Originally a drummer, Murray formed his first band with school friends in 1967 (Slap Happy and the Dum-Dums) and his musical tastes were heavily influenced by the mid-1960s 'blues boom' bands and musicians, especially Jeff Beck, Eric Clapton and Jack Bruce, and later by Motown legend James Jamerson and Tim Bogert of Vanilla Fudge, Cactus and Beck, Bogert & Appice. Murray moved to bass shortly before studying graphic design at the London College of Printing.
During 1973, Neil briefly played in Gilgamesh, a jazz-fusion band led by Alan Gowen. After his departure from Gilgamesh, Murray toured the USA with Junior Hanson, following a recommendation from Jeff Beck’s bass player Clive Chaman. Hanson later became a member of Bob Marley & The Wailers under the name Junior Marvin. Neil spent early 1974 supporting the album he recorded with them, Magic Dragon.
Murray's next gig came again through a recommendation from Clive Chaman, touring with Cozy Powell's Hammer in 1974 and 1975. The line-up included Don Airey and Bernie Marsden.
After Cozy Powell decided to fold Hammer, Murray and Airey joined a revamped version of the British jazz rock band Colosseum, named Colosseum II. The band's leader, drummer Jon Hiseman, had evolved the band's sound by eliminating the saxophone in preference for a rockier sound courtesy of Gary Moore's guitar.
This line-up of the band lasted for one album only (Strange New Flesh, a title thought up by Murray). Strange New Flesh was a little less intellectual than most of the jazz rock coming out of the UK. It did not have the blackness of bands like Weather Report, but offered more accessible melodies and rock power than the more "intellectual" Canterbury fusion scene presented at the time. Following months of touring Europe and the UK, Murray and vocalist Mike Starrs were fired, due to pressure from the record label Bronze, who soon after dropped Colosseum II altogether.

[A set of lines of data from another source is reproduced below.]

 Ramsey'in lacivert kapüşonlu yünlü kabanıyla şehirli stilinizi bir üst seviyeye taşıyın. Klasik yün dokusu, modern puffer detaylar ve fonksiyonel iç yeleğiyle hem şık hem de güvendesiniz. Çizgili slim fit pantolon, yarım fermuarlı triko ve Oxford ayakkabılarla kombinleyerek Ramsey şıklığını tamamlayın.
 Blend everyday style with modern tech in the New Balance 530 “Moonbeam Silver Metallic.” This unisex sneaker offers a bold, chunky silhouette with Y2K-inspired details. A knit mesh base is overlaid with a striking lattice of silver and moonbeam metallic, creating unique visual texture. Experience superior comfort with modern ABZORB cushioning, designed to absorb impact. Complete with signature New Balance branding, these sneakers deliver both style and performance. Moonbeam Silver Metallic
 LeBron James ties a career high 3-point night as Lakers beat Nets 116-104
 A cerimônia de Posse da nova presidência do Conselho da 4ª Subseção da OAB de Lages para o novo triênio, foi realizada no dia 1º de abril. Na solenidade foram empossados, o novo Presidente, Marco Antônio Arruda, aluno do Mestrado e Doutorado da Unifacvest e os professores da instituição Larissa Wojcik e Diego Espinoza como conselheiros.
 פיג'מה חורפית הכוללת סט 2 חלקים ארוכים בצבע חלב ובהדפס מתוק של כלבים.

After Colosseum II, in 1976 Neil teamed up again with ex-Gilgamesh keyboardist Alan Gowen in National Health with whom he recorded a self-titled album in 1977. Prior to recording that album, the band played with drummer Bill Bruford of Yes/King Crimson fame, who was followed by ex-Hatfield & the North drummer Pip Pyle. Murray got the chance to work with Bruford again, playing on the rehearsals for Bruford's Feels Good To Me album, standing in for Jeff Berlin who was the actual bassist with the band (the LP cover read 'Thanks to Neil Murray: A bass player when I needed one'). Murray also deputised for Berlin on Bruford's "Old Grey Whistle Test" appearance in 1978. During this performance he sports a long sleeve T-Shirt saying 'More Bass', predating Saturday Night Live's "More Cowbell" by more than 20 years.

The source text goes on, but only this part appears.